TASK OBJECTIVE: Which lines hold the word "building"? Copy each of them from the material.

"""

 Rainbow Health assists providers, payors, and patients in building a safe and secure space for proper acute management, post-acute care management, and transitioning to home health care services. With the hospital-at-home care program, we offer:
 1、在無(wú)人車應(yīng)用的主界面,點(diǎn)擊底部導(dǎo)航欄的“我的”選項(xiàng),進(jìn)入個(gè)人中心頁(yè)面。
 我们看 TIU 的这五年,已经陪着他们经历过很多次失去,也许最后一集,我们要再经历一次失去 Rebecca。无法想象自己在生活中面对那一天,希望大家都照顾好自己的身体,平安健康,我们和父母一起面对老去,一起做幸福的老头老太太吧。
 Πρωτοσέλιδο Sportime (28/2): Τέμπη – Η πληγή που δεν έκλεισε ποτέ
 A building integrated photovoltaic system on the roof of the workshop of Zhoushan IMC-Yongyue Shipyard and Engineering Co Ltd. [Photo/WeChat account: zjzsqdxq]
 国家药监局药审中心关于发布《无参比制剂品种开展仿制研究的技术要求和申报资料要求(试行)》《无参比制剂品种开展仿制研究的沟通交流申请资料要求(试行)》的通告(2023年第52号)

"""
"""

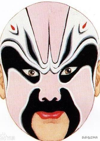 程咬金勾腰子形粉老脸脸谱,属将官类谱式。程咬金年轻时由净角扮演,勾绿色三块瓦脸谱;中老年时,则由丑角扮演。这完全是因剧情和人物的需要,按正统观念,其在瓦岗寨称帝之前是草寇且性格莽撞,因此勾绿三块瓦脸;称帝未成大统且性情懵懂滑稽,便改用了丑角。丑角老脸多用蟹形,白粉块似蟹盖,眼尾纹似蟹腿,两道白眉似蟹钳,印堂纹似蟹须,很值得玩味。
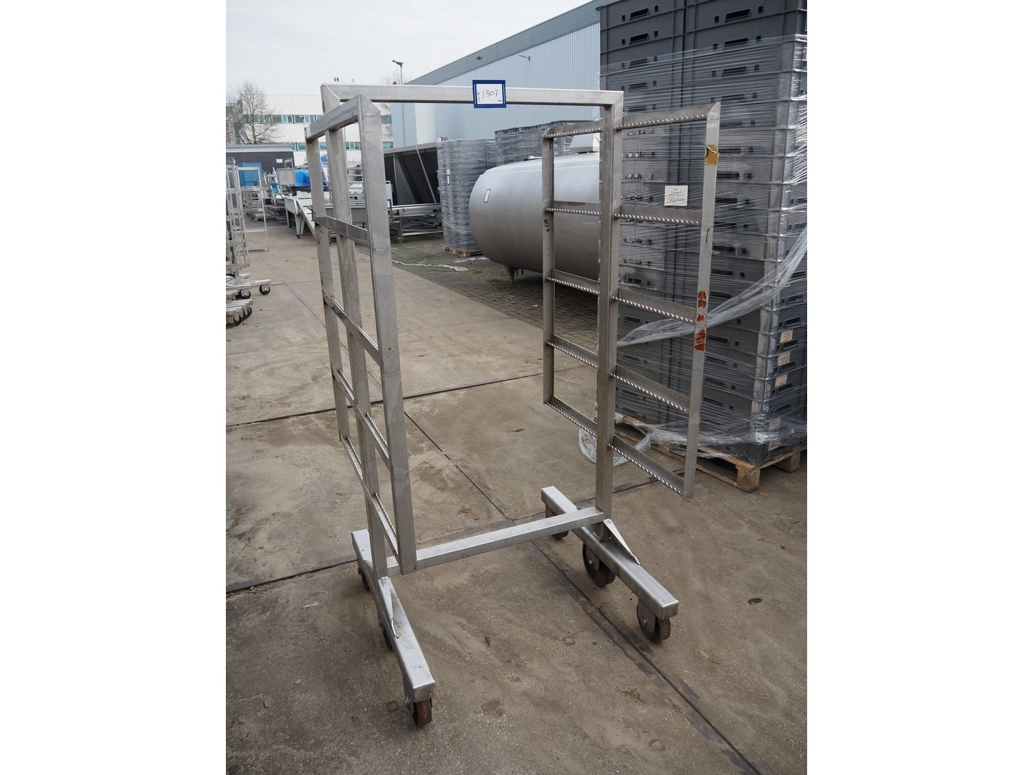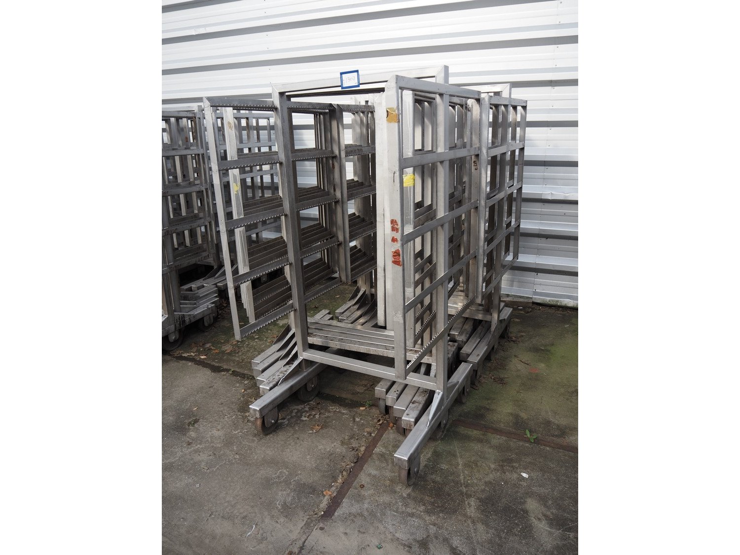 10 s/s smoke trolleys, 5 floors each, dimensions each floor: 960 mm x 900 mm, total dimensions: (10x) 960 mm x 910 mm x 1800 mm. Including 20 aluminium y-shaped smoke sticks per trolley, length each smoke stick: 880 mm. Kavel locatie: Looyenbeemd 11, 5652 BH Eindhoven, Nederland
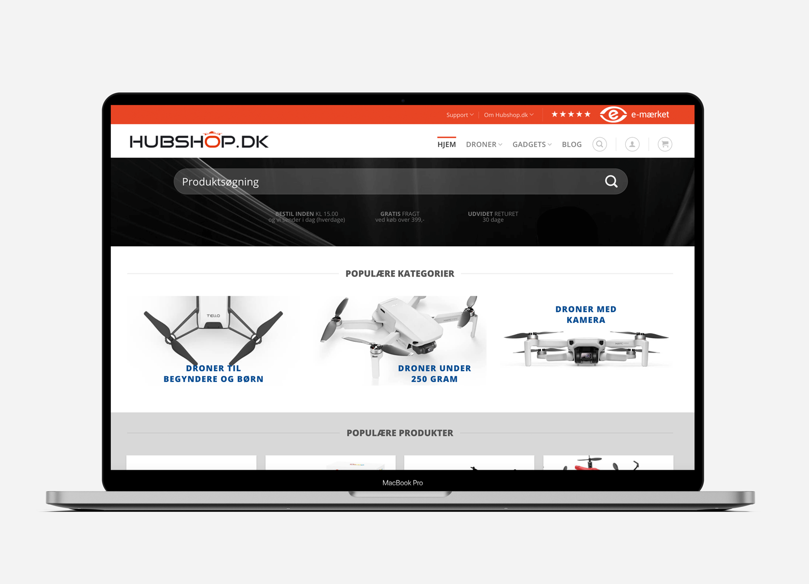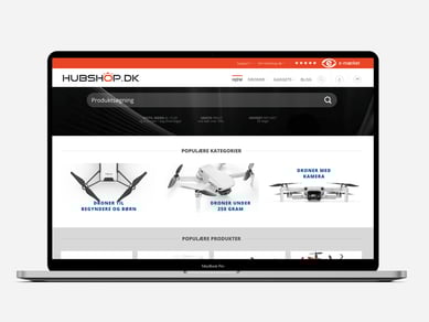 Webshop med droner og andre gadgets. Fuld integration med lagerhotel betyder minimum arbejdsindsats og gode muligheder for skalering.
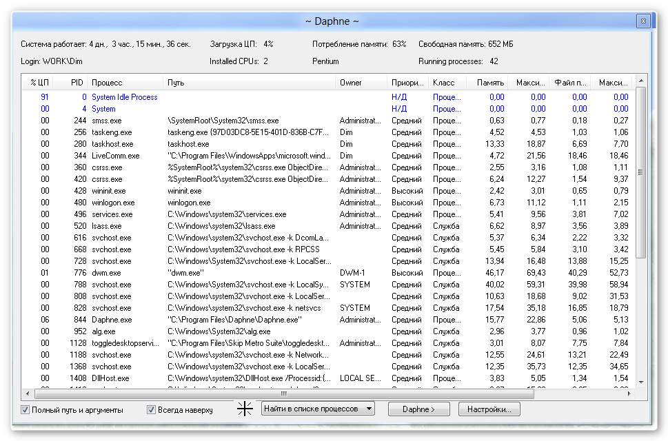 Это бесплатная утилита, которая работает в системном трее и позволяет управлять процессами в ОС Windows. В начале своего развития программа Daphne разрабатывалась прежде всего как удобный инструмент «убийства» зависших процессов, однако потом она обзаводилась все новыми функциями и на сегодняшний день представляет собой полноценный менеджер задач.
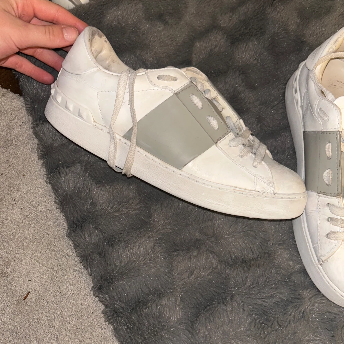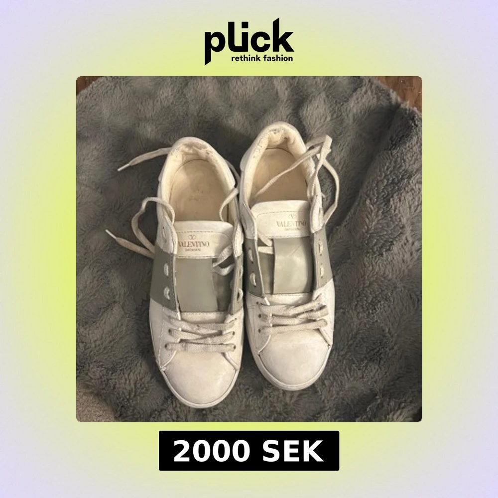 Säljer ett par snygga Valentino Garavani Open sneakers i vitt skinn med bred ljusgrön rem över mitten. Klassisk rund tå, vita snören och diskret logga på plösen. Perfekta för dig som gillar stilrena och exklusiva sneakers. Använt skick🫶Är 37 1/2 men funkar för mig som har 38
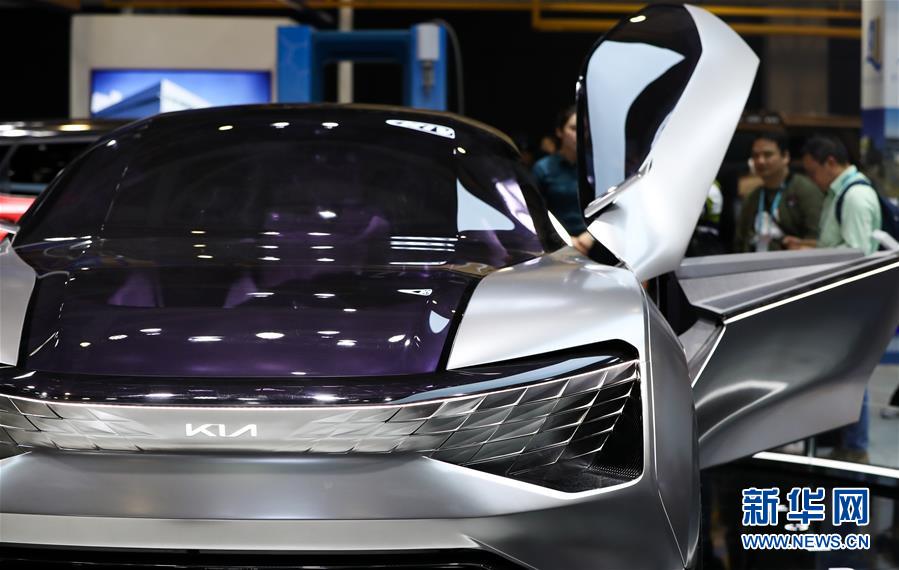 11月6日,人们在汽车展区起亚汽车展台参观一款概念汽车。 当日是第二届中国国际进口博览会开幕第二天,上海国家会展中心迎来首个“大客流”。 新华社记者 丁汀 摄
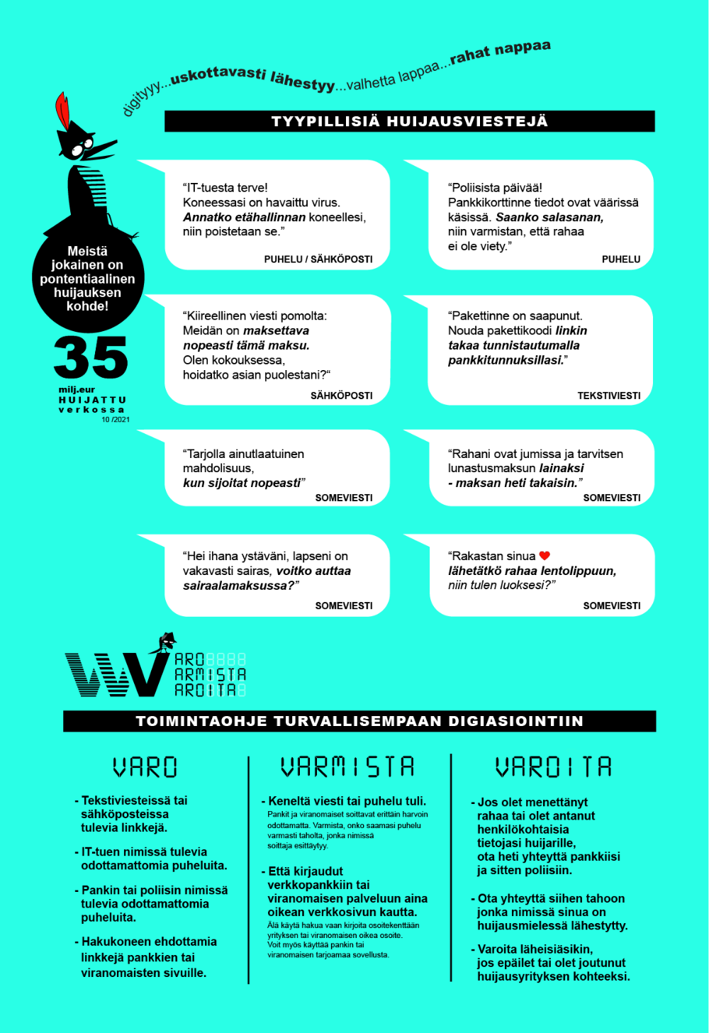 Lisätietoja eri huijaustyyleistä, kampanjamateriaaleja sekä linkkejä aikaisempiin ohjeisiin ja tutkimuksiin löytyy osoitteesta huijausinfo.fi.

"""

ANSWER SECTION:
 Rainbow Health assists providers, payors, and patients in building a safe and secure space for proper acute management, post-acute care management, and transitioning to home health care services. With the hospital-at-home care program, we offer:
 A building integrated photovoltaic system on the roof of the workshop of Zhoushan IMC-Yongyue Shipyard and Engineering Co Ltd. [Photo/WeChat account: zjzsqdxq]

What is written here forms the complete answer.